In the kitchen of the house where we grew up there is a white wall, dividing the dining room from the stove, sink, and microwave. This wall, like all the walls, is painted glossy white, with thick emulsion paint; protected from oil splatters, spraying from greasy pans. Nothing was ever hung on any of our walls. No paintings. No photographs. No memories. We were always ready to move. Onto the next place, and into the next country. We would never have to repaint. But this white wall became our mural. A thin strip of unchanged space, somehow stuck in time, slowly greying, covered in small pencil lines and numbers. Dates. 11/02/2003. 20/04/2007. 30/05/2012. The last date; the year I stopped growing.

We’d stand with our heels touching the base of this wall, barefoot and cold as our feet stroked the wooden floor panels.

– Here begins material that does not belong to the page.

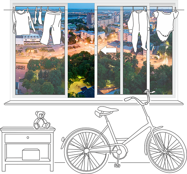 Экономия полезной площади помещения за счёт раздвижного открывания.
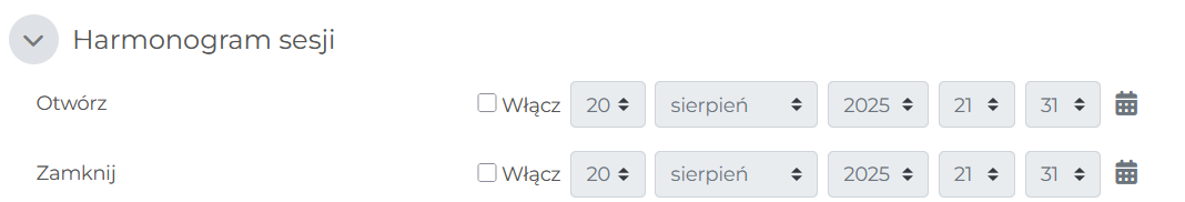 - Określenie daty otwarcia / zamknięcia dołączenia do sesji, która pojawi się w kalendarzu Moodle,

We’d straighten our backs, correct our postures, and wait patiently for the heavy recipe book to be placed upon our heads.

I’d look up and ask my mother; ‘how do I measure up this year?’. ‘Just one centimetre taller than the last’, she’d reply.

This kitchen became the home of measure. Our yearly ritual to track our progress, and our time spent growing. Now when I gaze upon the surface of that wall, and it’s smudged numbers, I wonder, did it hurt as my body stretched itself, bones elongating and muscles strengthening, in time with others my age. In time with myself. These measurements, the lengths between the pencil lines, became the stand-ins for our physical development, snapshots of a growing process neither our minds, nor bodies will ever remember.

Leonardo Da Vinci once explained upon creating the Vitruvian Man:

‘If you open your legs far enough to reduce your height by one fourteenth and at the same time ‘spread and raise your arms until your middle fingers touch the level of the top of your head,’ your navel will be at the centre of your outspread limbs and the space between your legs will describe an equilateral triangle.’ (King 165) This followed Vitruvius’ claim that the distance measured from the toes to the top of the head equals that from fingertip to fingertip if arms are outstretched. (King 165)

This is our measure of the body, of our proportions. A method of measure in art I use daily to construct my paintings, and to build subjects. We are measured by what we are constructed of. Supposedly, in my body there are seven heads, just as in my head there are two palms, and in my palm there are four fingers. By creating one circle of measure, my body apparently fits into each other part of itself, with each limb constantly compared to another, through measure.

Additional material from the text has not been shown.